In this exercise sheet you will practice shared memory communication and synchronization with semaphores. As with previous exercises, make sure to use the newer POSIX APIs instead of the System V APIs.
In this task, you will implement the classic producer-consumer pattern using multiple processes operating on shared memory.
Begin by reading man 7 shm_overview. Take note of additional linker flags
that may be required.
Create two programs, task1_a and task1_b.
The role of task1_a will be to manage the shared memory's creation and
subsequent destruction. To this end, it creates a shared memory segment and
writes into it a numeric parameter N, which is passed as an argument on the
shell. Additionally, task1_a creates a named pipe (FIFO) and waits until
it can read the result of the computation (which will be performed by
task1_b) from it. After it has read the result, it prints it to the
console, cleans everything up and exits.
The process task1_b acts as the parent of two child processes, the
producer and the consumer. The parent begins by attaching to the shared
memory segment created by task1_a. It then creates the two child processes
and waits for their termination. Finally, it writes the result, which will be
stored in shared memory by the consumer, into the named pipe which task1_a
is waiting on, cleans up and exits.
The producer reads N from shared memory and iteratively writes all numbers in
[1, N] into a
ring buffer of size 10, which is also stored in shared memory, and
then exits. For your ring buffer you can use a simple array, and access it
using the modulo operator, e.g. buffer[i % 10].
The consumer reads N from shared memory and iteratively sums up N
subsequent numbers from the ring buffer, thereby effectively computing the
sum of all numbers in [1, N]. It then writes the resulting sum into the
shared memory segment and exits.
Example output:
TERMINAL 1 TERMINAL 2
> ./task1_a 10
> ./task1_b
Result: 55
Analyze the obtained output. Is the computed result the expected value? Does
the computed value change across different runs? What happens when you try
larger values for N, for example 10,000 or 100,000? Try to explain the
behavior.
Notes:
- There is no need to attach multiple shared memory segments. Think about a
good way of storing the entire context (
N, the ring buffer and the result) inside a single shared memory segment. - Make sure to use numeric data types that can store sufficiently large
values, for example
uint64_t, which is defined in<stdint.h>. - This exercise MUST be implemented using the POSIX shared memory mechanisms.
In this task, you will use semaphores to synchronize access to shared data
structures. Begin by reading man 7 sem_overview. Take note of any
additional compiler flags that may be required. This exercise MUST be
implemented using the POSIX semaphore facilities.
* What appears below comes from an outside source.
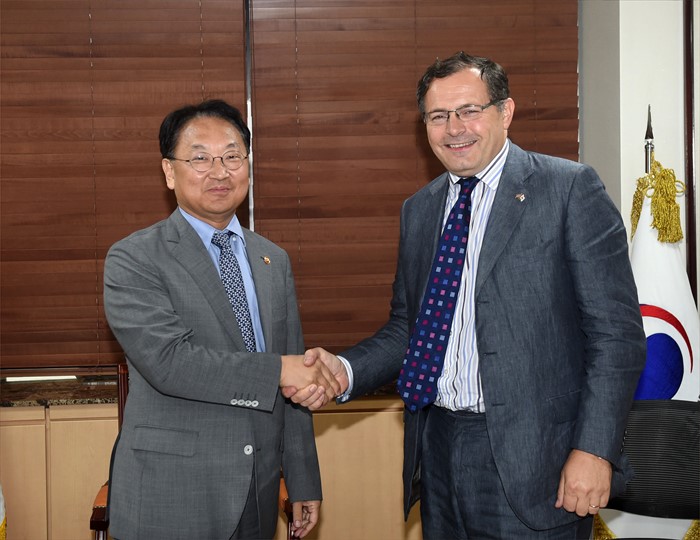 (서울=포커스뉴스) 유일호 부총리 겸 기획재정부 장관이 1일 서울 광화문 정부서울청사에서 찰스 헤이 주한 영국대사와 면담에 앞서 악수하며 인사를 나누고 있다. <사진제공=기획재정부>

Implement the same program as before. However this time, ensure that the
consumer only reads each value in [1, N] exactly once from the ring buffer.
Likewise, ensure that the producer only overwrites values in the ring buffer
that have already been read by the consumer. Use two semaphores to implement
this behavior.
Measure the execution time of your solutions for Task 1 and Task 2 using
/usr/bin/time. What do you notice?
Answer the following questions:
- What is a race condition?
- Why do race conditions occur?
- Is the output of a program with a race condition always incorrect?
- If you run your program 100 times and always get the correct result, does that mean that there is no race condition?
- What is synchronization?
- Why are semaphores well suited for synchronizing producer-consumer patterns?
- Could Task 2 also be implemented using a single semaphore?